You can put a lion next to a man,
but the placing is hazardous to both.

(From the poem: "An Awkward Comparison")

It's tragic that the Taliban has ravaged the same place with their own power-hungry, totalitarian interpretation of the religion which once produced a mind that embraces it with wide arms of warmth and peace and refuses to be compared with other followers of the same.

How to cure bad habits?

It is vital for us to separate groupism or communalism, which often escalates to barbarism, from the thought it is based on. It is vital then to read and reread that what Rumi sees as religion is the private association with God. It is also vital to mark the emphasis on individuality in Rumi's thought.

All the Western ideas of liberalism are based on the idea of individuality, which in turn is based on post-renaissance European thought. Asian philosophy is contrasted with its Western counterpart in the fact that it is rooted in mysticism as opposed to individuality.

Islam itself has long had a tradition of mysticism that is known as Sufism. Sufism is a sort of an inward dimension of Islam, a practice that encourages a direct, personal connection with the divine, a spiritual proximity to the omniscient that transcends the physical world and temporarily subverts immediate reality.

Sufism is the quest for the truth of love and knowledge, without necessarily always distinguishing between the two.
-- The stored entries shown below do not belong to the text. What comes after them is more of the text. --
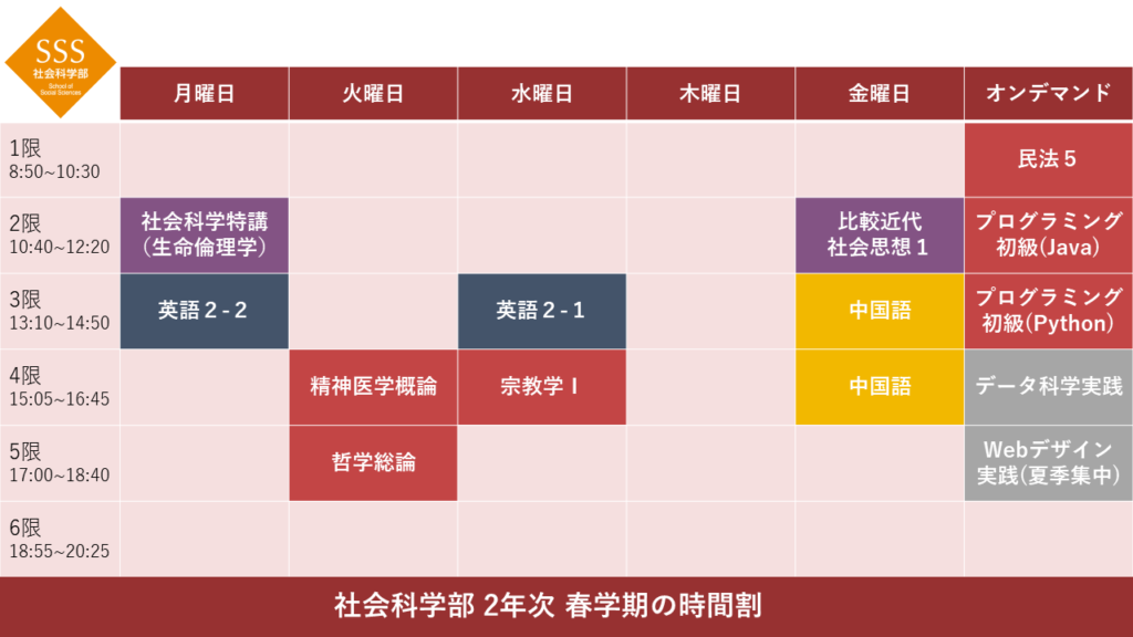 社会科学部は対面の授業も沢山あるのでオンデマンドの授業をほとんど取らないこともできます。ただ、私はオンデマンドの授業が好きなので沢山取っています。履修登録の時はまずオンデマンドの授業から見ています笑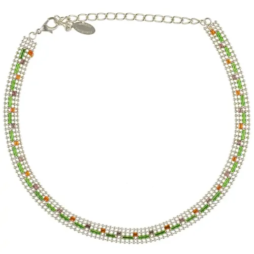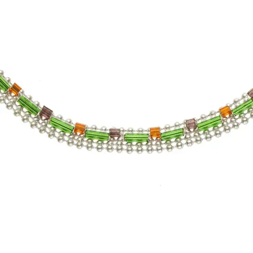 Чокер из бижутерного сплава и разноцветного бисера с серебристым покрытием.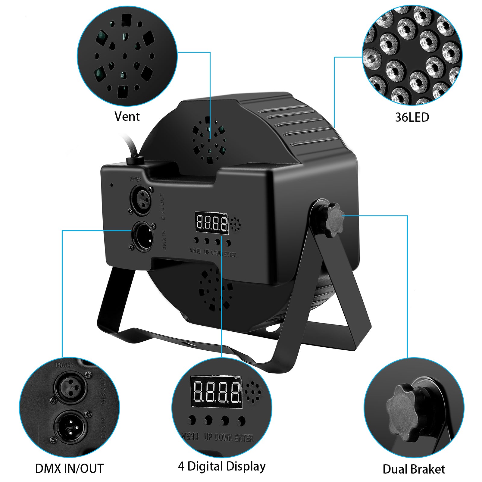 PORTABLE & DUAL-DESIGNED BRACKETThe mounting bracket is easy to carry around because of its compact size and lightweight feature. In this way, the DJ disco stage lights are easy to install and they can be easily hung on the mounting bracket. In addition, you can also use them as floor lights for stage performance.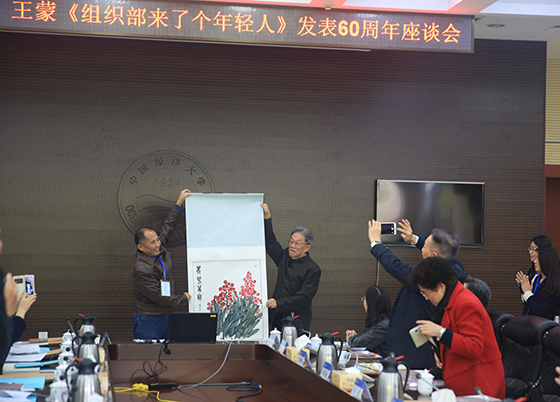 山东大学威海分校教授周怡向王蒙先生赠送画作《青春万岁》

Rumi was known as the Mevlana (Maulana) and his poetic collection Masnavi meaning "the spiritual couplets" is known as the Persian Quran. He was no doubt a mystic, a Sufi, and one who strongly endorsed the personal, for the most intimately individual is the truly spiritual.

Rumi might remain unparalleled in not just the Islamic world but also in the world of philosophy and poetry across the globe. Another thing that he will remain is dead. The Taliban, on the other hand, at least for now, looks rampant and alive.

It is now up to us, the other people who are alive, and the ones who are going to be born — not just Muslims but everyone else as well — to choose which interpretation of Islam we uphold or react to, how we read history, and what we borrow from it.

How to cure bad water? Send it back to the river.
How to cure bad habits? Send me back to you.

(From the poem: "My Worst Habit")

I think what we, as a world, need now more than ever is to be sent back to Rumi.